# Happy New Year !!!  שנה טובה



## ITA

Hoy con la salida de la primer estrella, festejamos el año nuevo para todos los que lo hagan.....FELICIDADES!!!!


----------



## Mei

* FELIZ AÑO NUEVO!!!!! *​* *
Mei*
*


----------



## Sparrow22

*SHANA TOVA U METUKA !!!!!* (QUE SEA UN AÑO NUEVO Y DULCE)

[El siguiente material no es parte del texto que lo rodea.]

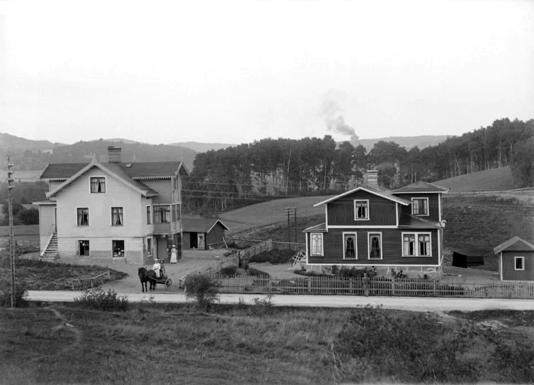 Enligt senare noteringar: "Handlare Viktor Ahlstrands hus och till höger ägarna, fröknarna Schiller. Numera optikaffär, respektive modebutik. Nuvarande adresser Strömstadsvägen 6 resp. 4.

*Y QUE POR SOBRE TODO HAYA PAZ EN EL MUNDO !!!!!! *


----------



## Miguelillo 87

¿Pues de dónde son?
Pero bueno eso no importa, ¡Felicidades por su año nuevo y como dice Sparrow que sea este año nuevo y el de todas las culturas un año lleno de paz y justicia social!


----------



## ElaineG

Happy New Year/ L'shana tovah.  May 5767 bring peace and happiness to all.


----------



## PaoPao

opino lo mismo... FELIZ AÑO PARA TODOS!!!!!


----------



## Nunty

*שנה טובה ומתוקה
שנת שלום
שנת אושר 
שנה מבורכת
לכל עמיתינו היהודים
מאחלת אחות עדית
**


Shana Tova
A sweet year
A year of peace
A year of happiness
A blessed year
To all our Jewish colleagues!
from Sister Claire Edith

*​


----------



## Chaska Ñawi

May the new year hold peace, health, strength and blessings for all of you!


----------



## amikama

*Happy 5767th birthday, Earth!*  ​ 

*Shana Tova!* ​


----------



## ireney

L'shanah tovah tikatev v'taihatem
L'shanah tovah tikatevi v'taihatemi

Happy New Year  
May you be inscribed and sealed for a good year!​


----------



## Jana337

Shana tova! 

Jana


----------



## Masood

Shana Tova to all my Jewish friends!
Ramadan Mubarak to all my muslim friends!

Masood.


----------



## cherine

*May this year bring peace and blessings to the whole world *
*Shana Tova *


----------